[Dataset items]
- Opening Delimiter -

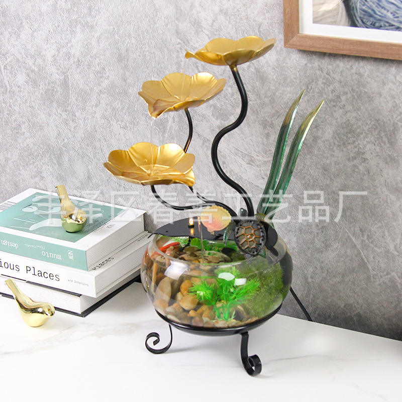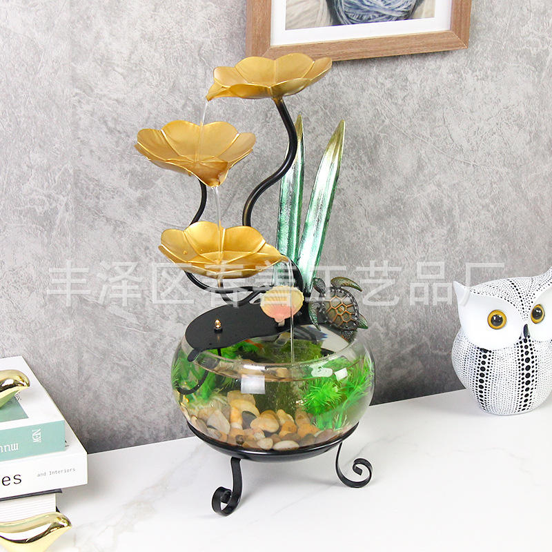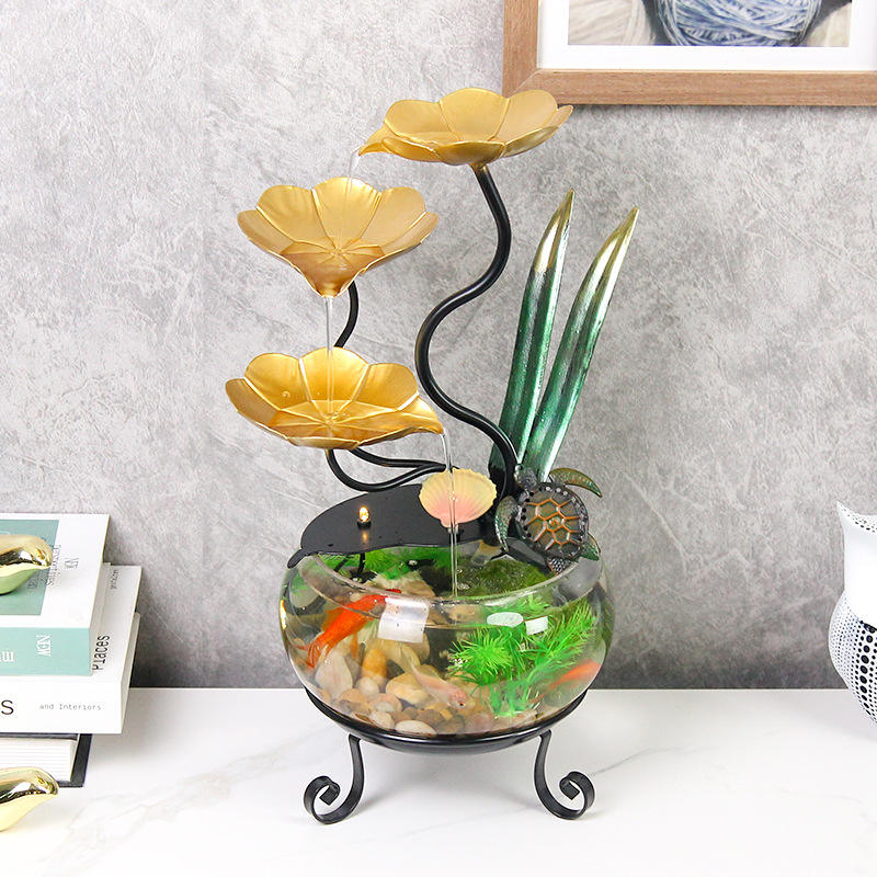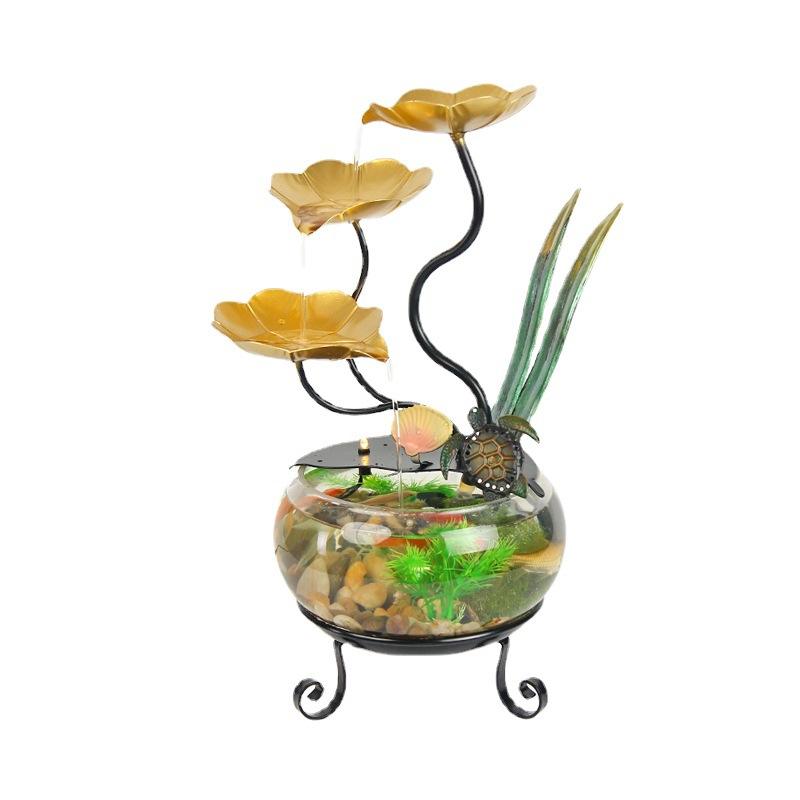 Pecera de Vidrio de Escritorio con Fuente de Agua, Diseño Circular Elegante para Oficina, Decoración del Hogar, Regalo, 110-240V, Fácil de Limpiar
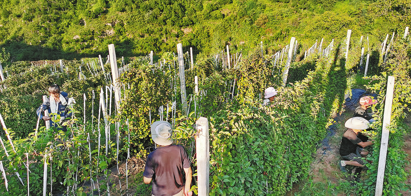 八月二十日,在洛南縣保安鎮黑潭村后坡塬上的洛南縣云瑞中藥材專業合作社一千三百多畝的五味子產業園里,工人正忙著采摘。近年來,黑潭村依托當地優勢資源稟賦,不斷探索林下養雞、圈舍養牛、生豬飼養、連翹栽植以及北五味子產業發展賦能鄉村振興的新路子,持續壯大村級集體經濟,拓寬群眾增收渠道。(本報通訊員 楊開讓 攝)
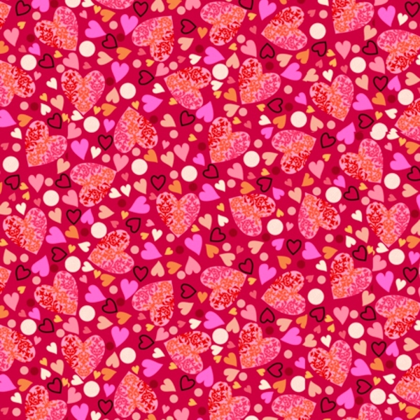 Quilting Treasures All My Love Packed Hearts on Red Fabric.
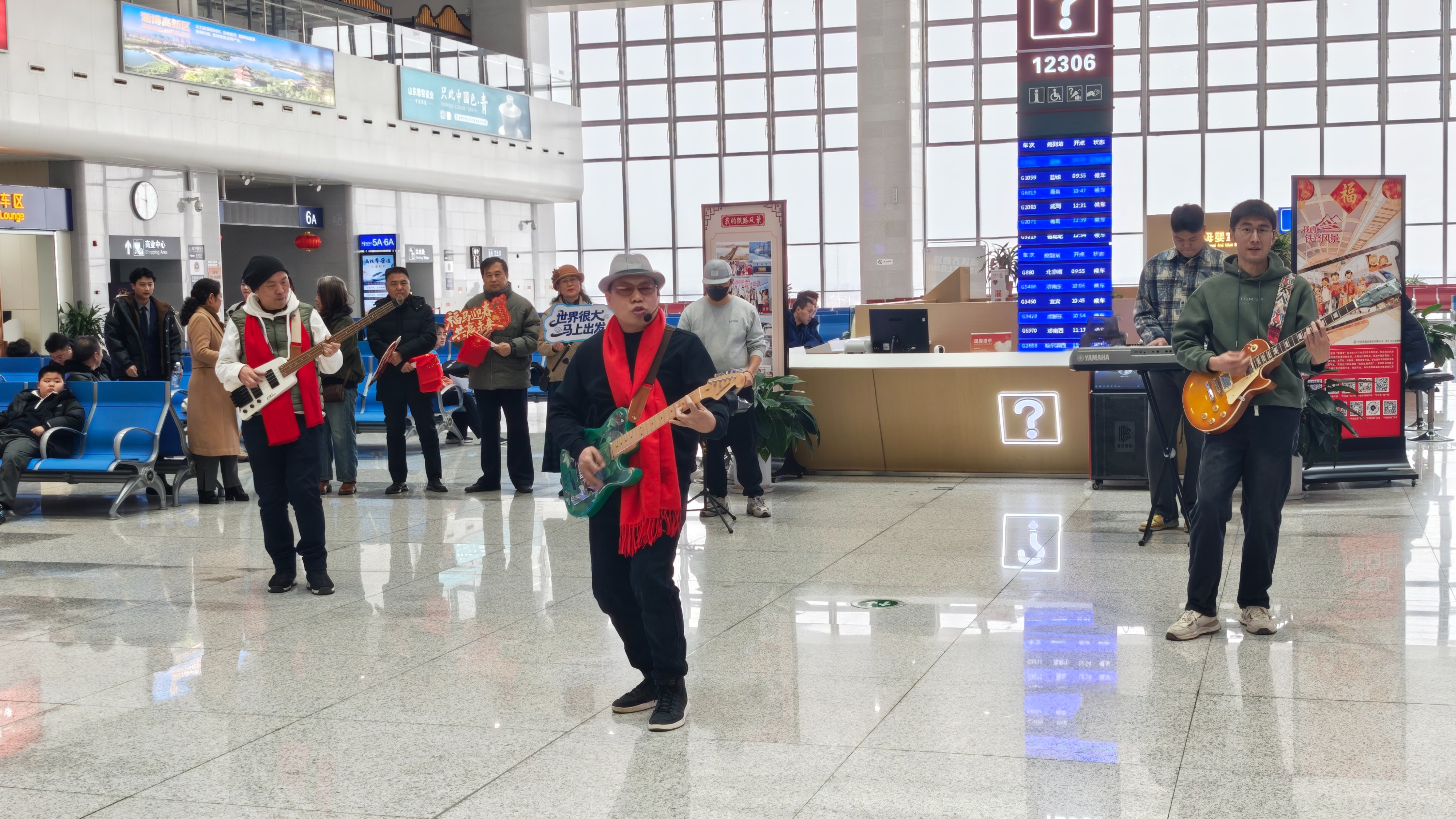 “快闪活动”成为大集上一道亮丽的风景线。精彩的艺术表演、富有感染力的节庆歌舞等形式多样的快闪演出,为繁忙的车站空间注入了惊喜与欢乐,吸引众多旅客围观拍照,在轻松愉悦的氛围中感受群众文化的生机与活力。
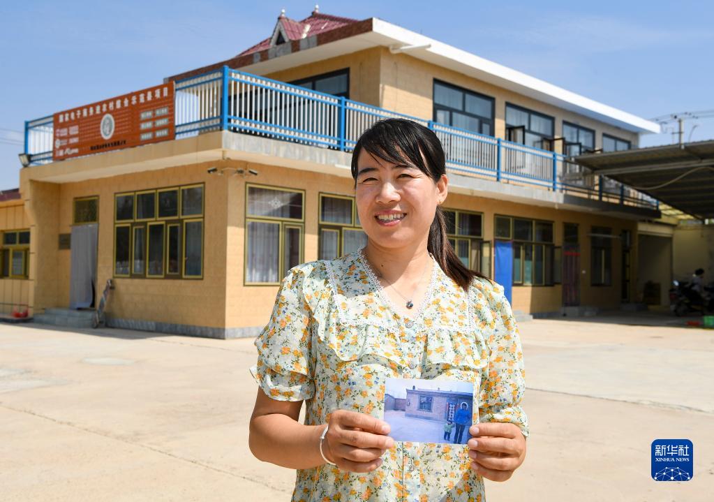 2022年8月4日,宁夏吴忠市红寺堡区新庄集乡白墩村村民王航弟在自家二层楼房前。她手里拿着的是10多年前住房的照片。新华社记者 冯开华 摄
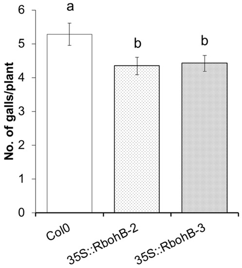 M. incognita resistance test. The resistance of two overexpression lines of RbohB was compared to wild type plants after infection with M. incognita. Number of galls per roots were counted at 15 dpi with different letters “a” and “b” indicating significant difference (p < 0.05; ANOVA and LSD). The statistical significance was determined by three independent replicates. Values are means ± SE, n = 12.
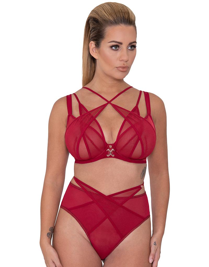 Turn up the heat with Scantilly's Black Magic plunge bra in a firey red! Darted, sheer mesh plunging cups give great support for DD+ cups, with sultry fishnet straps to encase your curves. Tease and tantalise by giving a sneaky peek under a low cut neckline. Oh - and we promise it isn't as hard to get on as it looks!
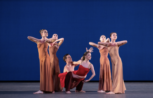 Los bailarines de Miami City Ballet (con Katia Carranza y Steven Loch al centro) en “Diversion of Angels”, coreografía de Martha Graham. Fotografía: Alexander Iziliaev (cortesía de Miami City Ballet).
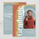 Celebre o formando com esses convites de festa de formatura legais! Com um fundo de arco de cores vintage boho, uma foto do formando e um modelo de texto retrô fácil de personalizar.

- Closing Delimiter -

• What you have to do:
Give back an exact reproduction of the entries, with all pictures excluded.

• Task result:
 Pecera de Vidrio de Escritorio con Fuente de Agua, Diseño Circular Elegante para Oficina, Decoración del Hogar, Regalo, 110-240V, Fácil de Limpiar
 八月二十日,在洛南縣保安鎮黑潭村后坡塬上的洛南縣云瑞中藥材專業合作社一千三百多畝的五味子產業園里,工人正忙著采摘。近年來,黑潭村依托當地優勢資源稟賦,不斷探索林下養雞、圈舍養牛、生豬飼養、連翹栽植以及北五味子產業發展賦能鄉村振興的新路子,持續壯大村級集體經濟,拓寬群眾增收渠道。(本報通訊員 楊開讓 攝)
 Quilting Treasures All My Love Packed Hearts on Red Fabric.
 “快闪活动”成为大集上一道亮丽的风景线。精彩的艺术表演、富有感染力的节庆歌舞等形式多样的快闪演出,为繁忙的车站空间注入了惊喜与欢乐,吸引众多旅客围观拍照,在轻松愉悦的氛围中感受群众文化的生机与活力。
 2022年8月4日,宁夏吴忠市红寺堡区新庄集乡白墩村村民王航弟在自家二层楼房前。她手里拿着的是10多年前住房的照片。新华社记者 冯开华 摄
 M. incognita resistance test. The resistance of two overexpression lines of RbohB was compared to wild type plants after infection with M. incognita. Number of galls per roots were counted at 15 dpi with different letters “a” and “b” indicating significant difference (p < 0.05; ANOVA and LSD). The statistical significance was determined by three independent replicates. Values are means ± SE, n = 12.
 Turn up the heat with Scantilly's Black Magic plunge bra in a firey red! Darted, sheer mesh plunging cups give great support for DD+ cups, with sultry fishnet straps to encase your curves. Tease and tantalise by giving a sneaky peek under a low cut neckline. Oh - and we promise it isn't as hard to get on as it looks!
 Los bailarines de Miami City Ballet (con Katia Carranza y Steven Loch al centro) en “Diversion of Angels”, coreografía de Martha Graham. Fotografía: Alexander Iziliaev (cortesía de Miami City Ballet).
 Celebre o formando com esses convites de festa de formatura legais! Com um fundo de arco de cores vintage boho, uma foto do formando e um modelo de texto retrô fácil de personalizar.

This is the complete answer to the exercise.